Problem: Two lines below mark the span: the one containing "4 vnútorné nádoby" and the one containing "耳後ろから下に向かって髪の毛がとまるので、大人女性でもマッチします(^^)". Set down both, plus every line between, exactly as they stand, and nothing else.

Exercise input:
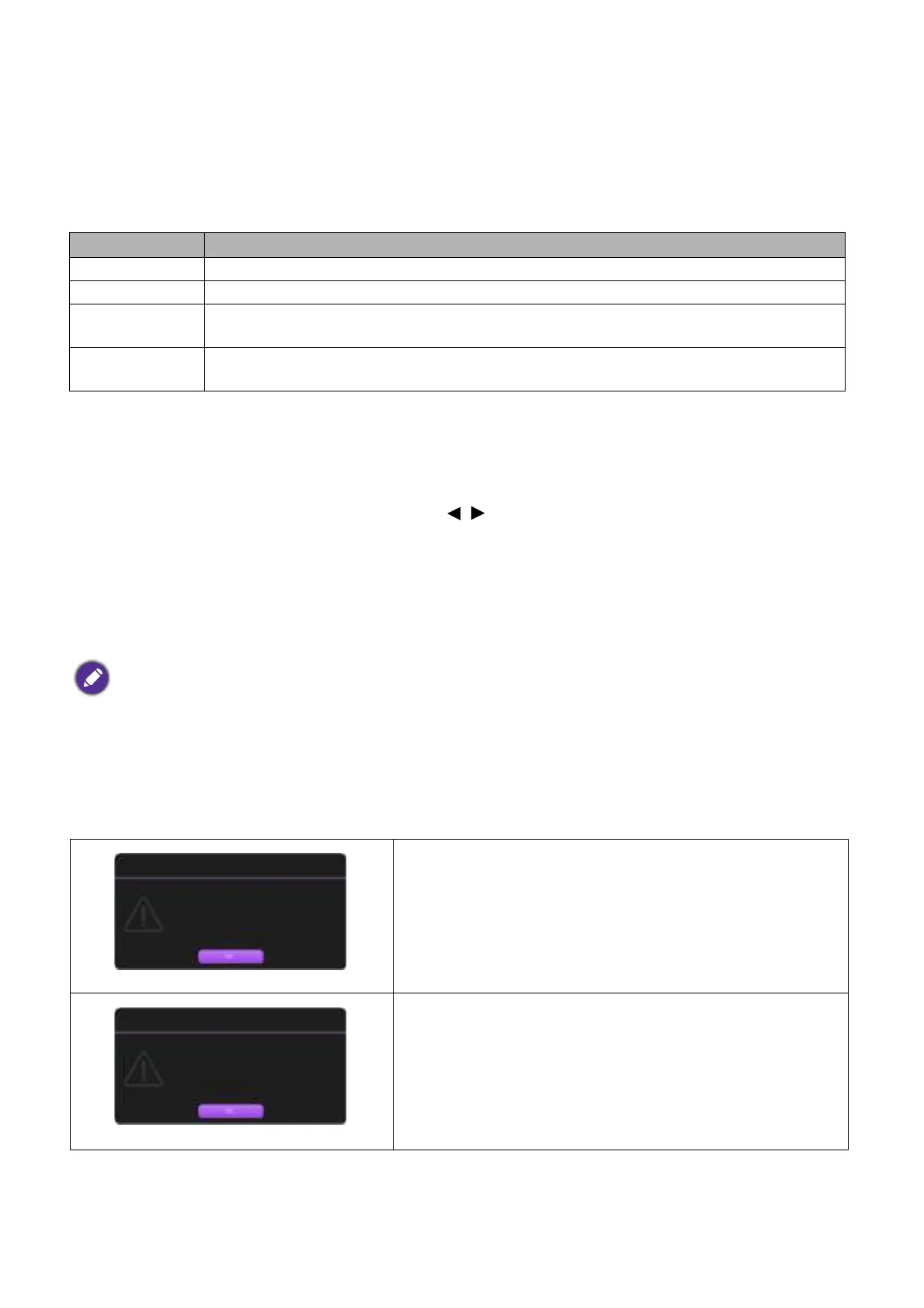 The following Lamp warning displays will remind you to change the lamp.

...

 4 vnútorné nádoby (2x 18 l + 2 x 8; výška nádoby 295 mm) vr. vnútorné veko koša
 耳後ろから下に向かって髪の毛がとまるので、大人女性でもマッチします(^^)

Output of the task:
 4 vnútorné nádoby (2x 18 l + 2 x 8; výška nádoby 295 mm) vr. vnútorné veko koša
 耳後ろから下に向かって髪の毛がとまるので、大人女性でもマッチします(^^)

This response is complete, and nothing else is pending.